Le visage de l’homme se fripe d’angoisse, mais Tal ne se laissera pas arrêter. Eil se sent plein d’une rage rouge. Eil saisit l’argent, se penche par-dessus la table pour déchirer le papier de la trahison au visage de l’homme. Celui-ci lève les mains, se détourne, mais ne peut se défendre.
« Ne bouge plus, Tal », dit une voix. Un éclair. Tranh se tient au bout de la table, campé sur ses pieds écartés, le palmeur-appareil photo fermement soutenu de la main droite. « On en fait une autre. » Flash. L’homme se cache le visage dans les mains, cherche un moyen de s’enfuir, mais Tranh est accompagné de gros bras en costume. « Je vais te dire pour qui il se prend, cho chweet. Ce type, c’est Shahîn Badûr Khan, le chef de cabinet de Sajida Rânâ. Et je suis vraiment désolé, mon tout beau, vraiment désolé que ç’ait dû être toi. Rien de personnel, je te prie de me croire. La politique. La foutue politique. Vraiment désolé, Tal. » Tranh referme le palmeur, hésite, la main pressée sur la bouche comme pour refréner un secret écœurant. « Tal, quitte Vârânacî. Tu as été manipulé depuis le début. On m’a envoyé chercher quelqu’un comme toi, tu étais nouveau et innocent, on peut tout à fait se passer de toi. Va-t’en. » Les gros bras lui font redescendre les escaliers, oiseau-mouche assiégé par les corbeaux.
Nadja Askarzadah fait de la marche rapide avec ses amies. En haut court, short encore plus court et niou-chaussures qui vous tripotent les pieds et se souviennent de la sensation. Elle les a achetées avec l’argent que lui ont rapporté les clichés du râthayâtra. Elle a aussi acheté beaucoup d’autres choses avec. Pour elle, et pour ses amies, afin qu’elles restent des amies. Les relations de Nadja Askarzadah ont toujours été contractuelles.
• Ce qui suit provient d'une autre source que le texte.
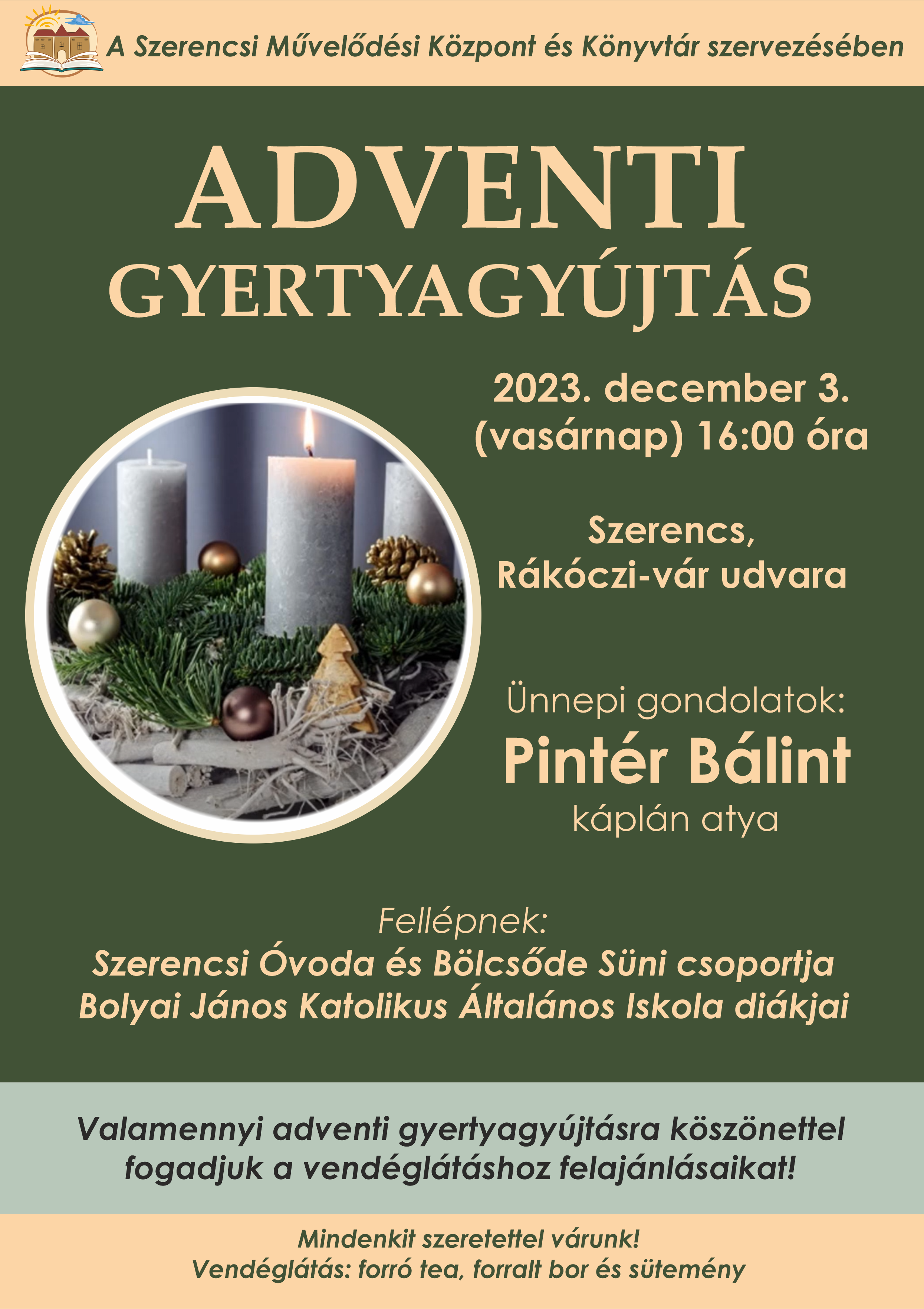Mindenkit szeretettel várunk az első adventi gyertya meggyújtására 2023. december 3-án, vasárnap 16 órakor a Rákóczi-vár udvarán.

Les filles effectuent cette marche avant le petit-déjeuner chaque mardi et chaque jeudi depuis que Nadja a rejoint la bande de l’Imperial International. Ce matin-là, elle en a besoin. Tout le monde s’est déchiré au champagne Omar Khayyâm la veille au soir. Venu à contrecœur la féliciter de son succès journalistique, Bernard a passé le reste de la soirée à parler de représentation, de polyvers épistémiques et de la seule réaction intellectuelle possible qui consistait à considérer tout cela comme un épisode de Town and Country, pas moins et certainement pas plus, le soapi en développement perpétuel auquel on ne peut jamais donner une conclusion dramatique, quelqu’un avait-il la moindre preuve que Sajida Rânâ s’était bel et bien rendue sur le Kundâ Khâdar, à part les images de la télé ? Quant à N.K. Jîvanjî, eh bien, comme dans cette bonne blague politique, tout le monde l’a vu mais personne ne se souvient l’avoir rencontré ; le mariage imminent d’Aparna Chaula et d’Ajaï Nadiadwala avait au moins la crédibilité du kitsch. Mais il se réjouissait du succès de Nadja, vraiment, parce qu’elle comprenait désormais l’énergie totalisante de la guerre.